Mao Zedong might have declared that “women hold up half the sky,” but in truth the People’s Republic is ruled by an entrenched patriarchy. Only eight women have risen to China’s powerful Politburo of the Chinese Communist Party, and three of them were wives of founding cadres, including Mao’s.
Sun Chunlan had no such elite connections. China’s only current female Vice Premier and Politburo member climbed the party ziggurat from working on a watch-factory floor to lead the freewheeling coastal province of Fujian and later the port city of Tianjin.

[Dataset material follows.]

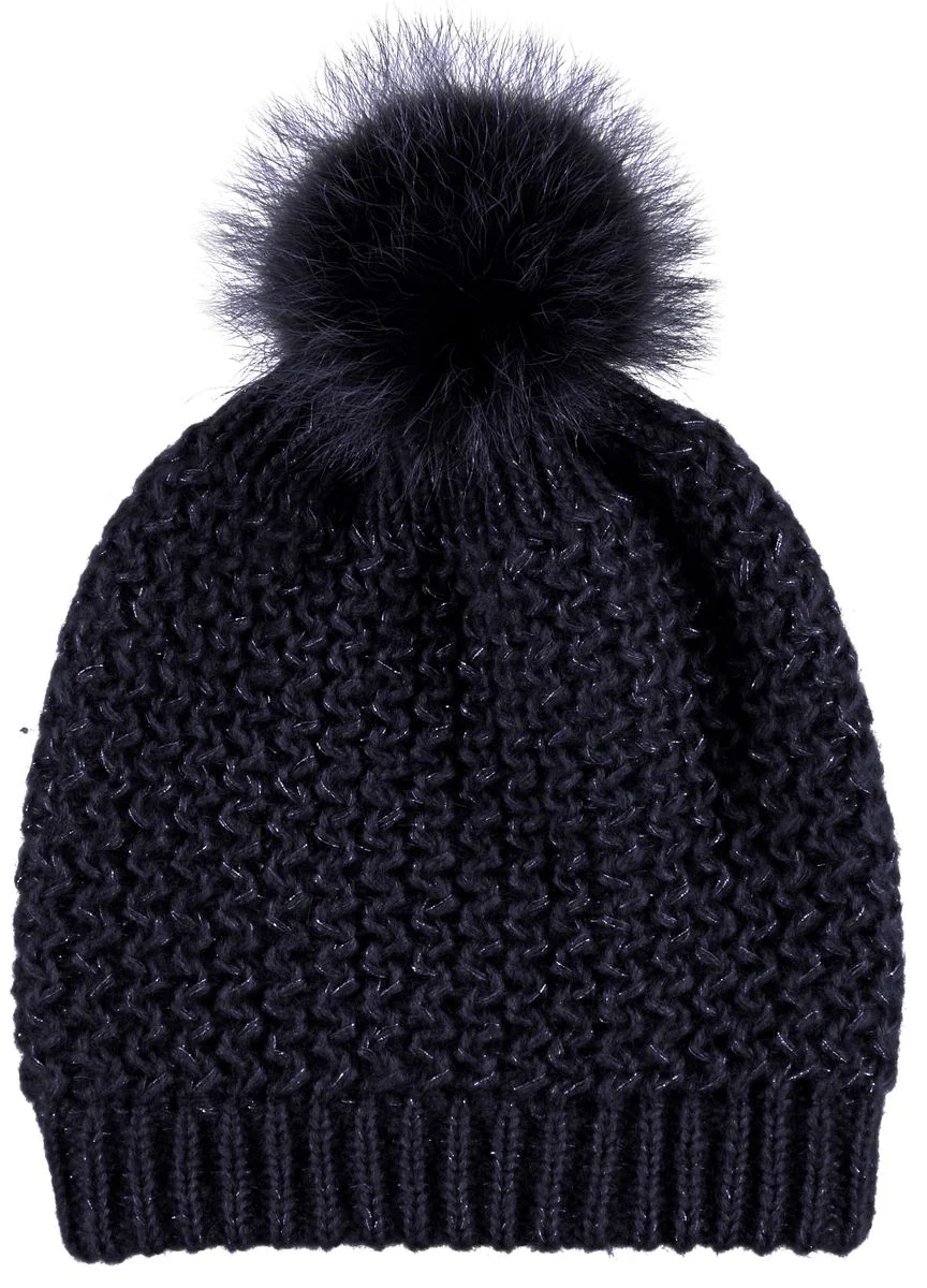 Beate Mütze | Gestrickte Merinowolle | Waschbärfell

Today, the 71-year-old is the nation’s top official overseeing COVID-19 pandemic control, demonstrating the tremendous faith shown in her by strongman President Xi Jinping at a critical point, with outbreaks in a number of major cities.
When COVID-19 first exploded in Wuhan in February 2020, Sun spent three months toiling in the stricken city at great personal risk. Since the Omicron variant emerged, Sun has been pivotal to maintaining China’s “dynamic zero-COVID policy” through strict testing and isolation protocols. That policy has come under sharp criticism as Shanghai, China’s largest city, with 26 million people, remains under harsh lockdown. But Sun is staunchly upholding Xi’s diktat. She may not have destroyed China’s glass ceiling, but Sun is both reformers’ best hope and their strongest argument.